Last week we dealt with severe panic attacks at the clinic from rain, Jacob trying to rip a lightbulb out of a fixture and cutting himself, then finding Jacob in his bedroom with a huge bloody face with no known reason and he can’t verbalize what happened and now this huge cut in hours at the clinic. To top that off, he can’t participate in the social skills classes I have been waiting and hoping were right for him.
We are at a point where there is nowhere to go. At least, I have no idea what to do for him right now. So today, I am praying this to myself.
“The Lord is my shepherd. I shall not want. He makes me lie down in green pastures. He leads me besides still waters. He restores my soul. He leads me in paths of righteousness for his name’s sake.”
In the past, I’ve only ever read that as a sunshine and roses verse. God does great things in our lives and our lives will be so happy and pretty and perfect. But, that isn’t the promise from God. In troubled times, God is my shepherd. What more could I want than for God to lead me, to still me, to calm me, and to guide me into His will and for His purposes, even if I am in troubled times?
Ultimately, Jacob’s treatment is not what I need most or even what Jacob needs most. We need Jesus most and we need to glorify God most. So, I pray today that God gives me wisdom to know how to use this time of stand still to honor Him, reflect on Him, to love him deeper, and to trust in Him more. I am thankful that God gives me so many hard and challenging opportunities to realize and feel my great need for Him. I shall not want, because the Lord gives me everything I need for my good and for His glory, not everything in this moment to make me or Jacob comfortable and happy.

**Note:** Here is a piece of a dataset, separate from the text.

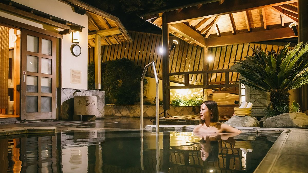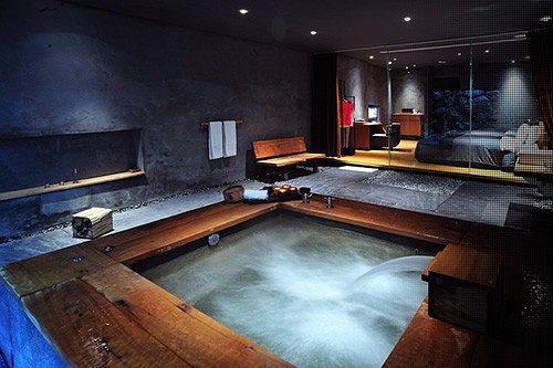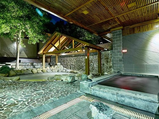 濃濃日式建築風格,整體環境氛圍帶著點宮崎駿「神隱少女」的神秘感。館內泉質為弱鹼性碳酸泉,泡湯時也能達到養顏美容。大眾池裡多達十四種的Spa設備,提供旅客使用,館內除了露天風呂,每間房也都有私人泡湯池,絕對是情侶的最愛!

If you are struggling with current circumstances, I encourage you take this time to grow closer to God. If you do not know God and want to have a relationship with the Lord please know that you can.
The Bible says that God is the creator of all things. He is holy, that means he is perfect. He has never sinned and will never sin.
Romans 1:20 For his invisible attributes, namely, his eternal power and divine nature, have been clearly perceived, ever since the creation of the world, in the things that have been made. So they are without excuse.
However, the Bible says that man is sinful and in need of forgiveness from our rebellion against God.
Romans 3:23 for all have sinned and fall short of the glory of God,
The Bible says that the punishment for our sin is death; separation from God here on earth and for all eternity. Because God is holy and just, our sin literally cuts us off from Him.
Romans 6:23 For the wages of sin is death
But God loves us so much that he didn’t leave us here in our depravity. He gave us a way to reconcile our relationship with Him. He gave us a way to be made holy in His eyes. He sent His only son, Jesus, to come and live a perfect life, die on the cross to pay the punishment for our sin (past, present, and future) and conquer death by rising from the dead on the third day.
Romans 5:8 but God shows his love for us in that while we were still sinners, Christ died for us.
If you believe this and confess Jesus is Lord of your life, you will have salvation. You can be made right with God and have a personal relationship with God. Confess your sin, repent and make Jesus the boss of your life and you can have salvation!
Romans 10:9-10 because, if you confess with your mouth that Jesus is Lord and believe in your heart that God raised him from the dead, you will be saved.10 For with the heart one believes and is justified, and with the mouth one confesses and is saved.